Предыдущая глава |
↓ Содержание ↓
↑ Свернуть ↑
| Следующая глава |
Открыв глаза, я в некотором оцепенении уставилась на занавес перед собой. Над моей кроватью в той новой комнате, куда я переехала, когда стала певицей, такой занавески не было. Ах, да, точно! Эрик и наша прогулка и пикник, которого не последовало, потому что я заснула. Ой, точно! Он мне еще колыбельную спел, прямо как скво у нас дома. А может, мне и не нужна скво? Эрик говорил что-то про пикник… Если он умеет готовить и если меня любит, то я могу вместо скво забрать его. Тогда мне не надо будет сидеть дома у костра и готовить тоже будет он.

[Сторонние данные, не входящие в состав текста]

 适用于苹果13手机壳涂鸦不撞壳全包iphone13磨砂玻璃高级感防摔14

— Тише. Не бойтесь, Жозефина. Это я, Жерар Карье, — раздался со стороны входа голос того человека, которого Филипп подозревал во всех тех убийствах и пропажах. Ой-ой-ой, легко сказать «не бойтесь», когда у меня на сценическом костюме не было кармана, а значит — хотя бы плохонького ножа. А драться я, конечно, хорошо могу, но этот Карье крупный и если, вдобавок, вооружен… Ой-ой-ой-ой-ой…

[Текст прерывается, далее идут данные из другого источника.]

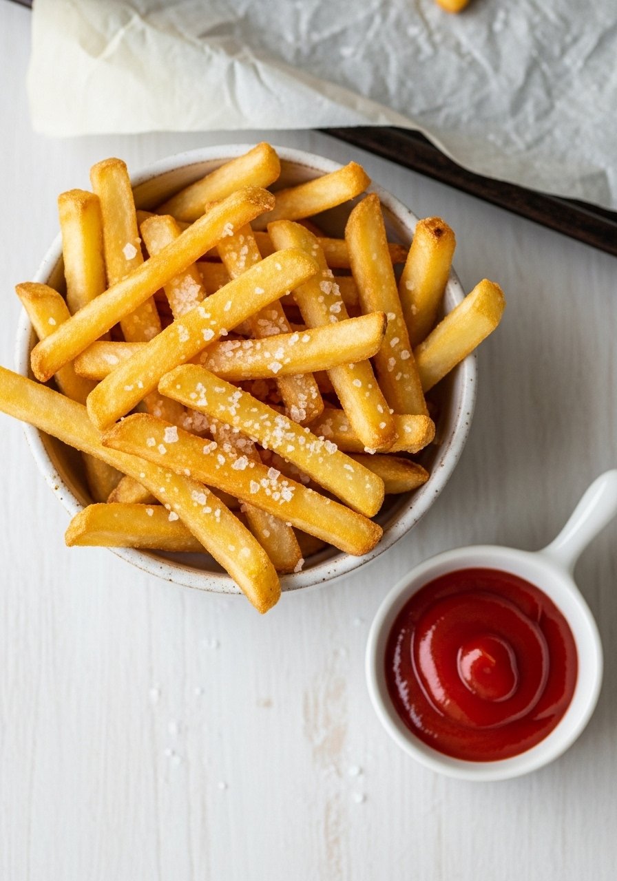 Serve in a bowl or cone with ketchup or garlic aioli. A wire cooling rack helps drain oil before serving. Store leftover fries in the fridge and reheat in an air fryer for best texture.
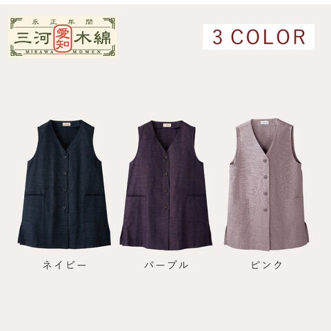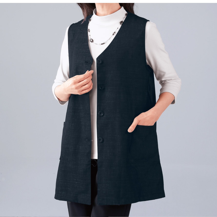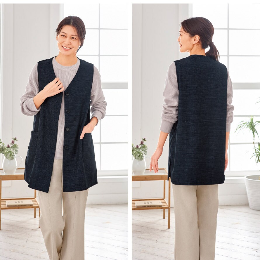 伝統的な織物「三河木綿」使用。縦長でシルエットがすらっと見えるロングベスト。
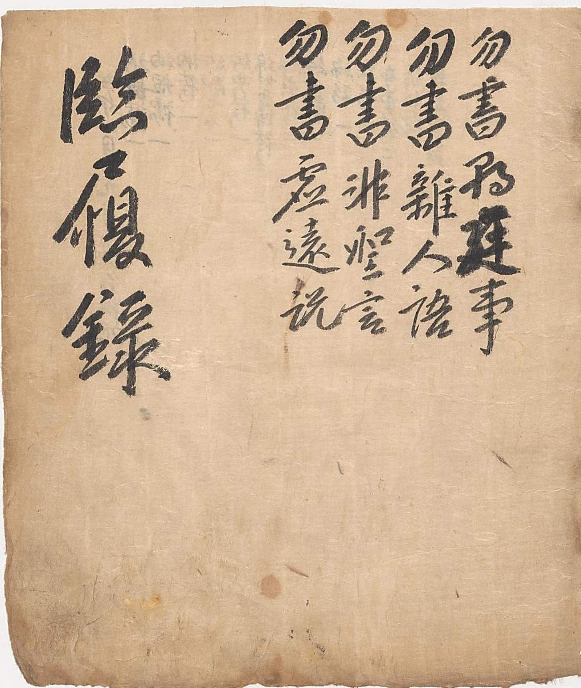 "조정의 일을 쓰지 않고, 잡스러운 사람의 말을 쓰지 않고, 성인의 말씀이 아니면 쓰지 않고, 허원한 주장을 쓰지 않는다.[勿書朝廷事 勿書雜人語 勿書非聖言 勿書虛遠說]"

— Жозефина, у меня нет времени все вам объяснять. Вам нужно немедленно бежать отсюда. Вы даже не представляете, насколько опасен человек, с которым вы все-таки подружились, несмотря на все мои предупреждения.
— Бежать? Зачем мне бежать? — принялась тянуть время я в надежде, что Эрик скоро вернется. Чем он вообще думал, когда оставил меня тут одну, а в его убежище, оказывается, каждый посторонний может попасть.
— Я же говорю — это все очень долго объяснять. Вы должны оказаться в безопасности как можно скорей, пока не произошло ничего непоправимого.
— Непоправимого? — старательно продолжила я делать вид, что вместе с теми звуками, что я издавала в оперном зале несколько часов назад, из моей головы улетучился мозг.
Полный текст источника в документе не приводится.